In early 2005, the state of California took a huge step in promoting stem cell research. Voters established the California Institute for Regenerative Medicine with the passage of Proposition 71, which provided $3 billion in funding for studies at California universities and research institutions. Stem cell research is a complicated and interdisciplinary field with a lot of promise, and there are still major problems to be worked out in figuring out how to grow cells, prompt their specialization, and then deliver them. So far, most studies are directed toward using these cells to understand disease progression rather than finding a "cure" for diseases such as Parkinson's, Alzheimer's, or diabetes type 1.

Genetic technologies applied to medicine have experienced a great deal of scrutiny in recent years. Although results have been encouraging, untimely gene therapy--related deaths reinforce the need for careful and informed progress.

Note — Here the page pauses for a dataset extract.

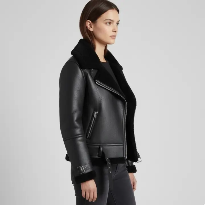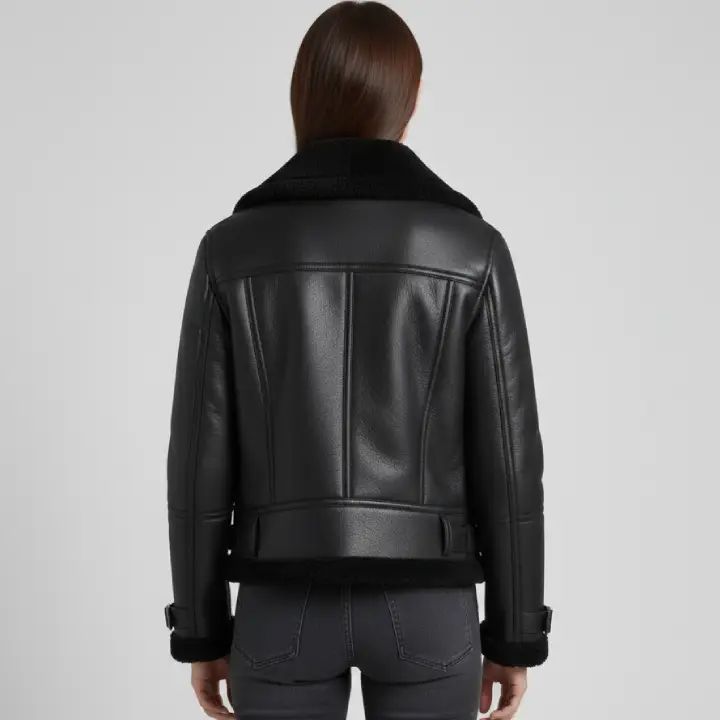 Women’s Black Shearling Fur Aviator Leather Jacket

Original Program Description, 2001

We may be on the verge of a medical revolution, with treatments for diseases like Parkinson's and cancer right around the corner.

But amidst the hope and hype surrounding genetic technology, there is also a difficult set of unanswered questions. How safe is the research on genetic medicine? Is it ethical and aimed at the public good?

In this program, we explore three technologies that have raised public debate: gene therapy, stem cell research and xenotransplanation.

Gene therapy is a set of approaches intended to replace damaged genes with healthy ones, often using a disarmed virus to deliver a package of "good" DNA into the patient's cells.

Although there were no major breakthroughs early on, the treatment seemed fairly safe until 18-year-old Jesse Gelsinger died during a gene therapy clinical trial in 1999. This tragedy caused a reexamination of the safety of such studies and federal regulators ordered some of them stopped. Among these were studies that used an inserted gene to promote the growth of blood vessels in heart disease patients.

Critics say promising research was stymied. FDA regulators counter that safety must come first.

Stem cell research is another promising therapy that has touched a social and political nerve in recent years.

Embryonic stem cells are cells in an embryo that have yet to form specific cell types like blood, bone, muscle or nerve cells. The discovery that they can be nudged to become almost any tissue has caused a boom in research into their potential to heal everything from nerve damage to brain injury.

There has also been a more quiet revolution in the study of adult stem cells, which can also be made to grow certain types of tissue.

Embryonic stem cell research became the big science story of 2001 as the public debated whether it is right to destroy embryos in the quest to save lives. Amid the furor, private companies like California-based Geron continued to pursue their research.

Genetic Medicine: Prescription for Conflict also looks at the field of xenotransplantation, a fancy word for using animal tissues and organs in human patients.

There are thousands of people on waiting lists for organ donations who will never get them in time. If animal parts could be made compatible to the human body, they could help ease the supply problem and save lives.

The main issue here is how to weigh the potential benefit of a promising therapy against the potential of releasing a new disease into the population. We meet Jeff Getty, a man with AIDS who pressed his doctors to try a baboon bone marrow transplant. His story raises issues about community consent versus an individual's willingness to take on risk.

Finally, we touch on the debates around germ-line gene therapy and cloning, two equally controversial areas of medical research. Each raises fundamental questions about who we are and how much tinkering with our genome we are willing to accept.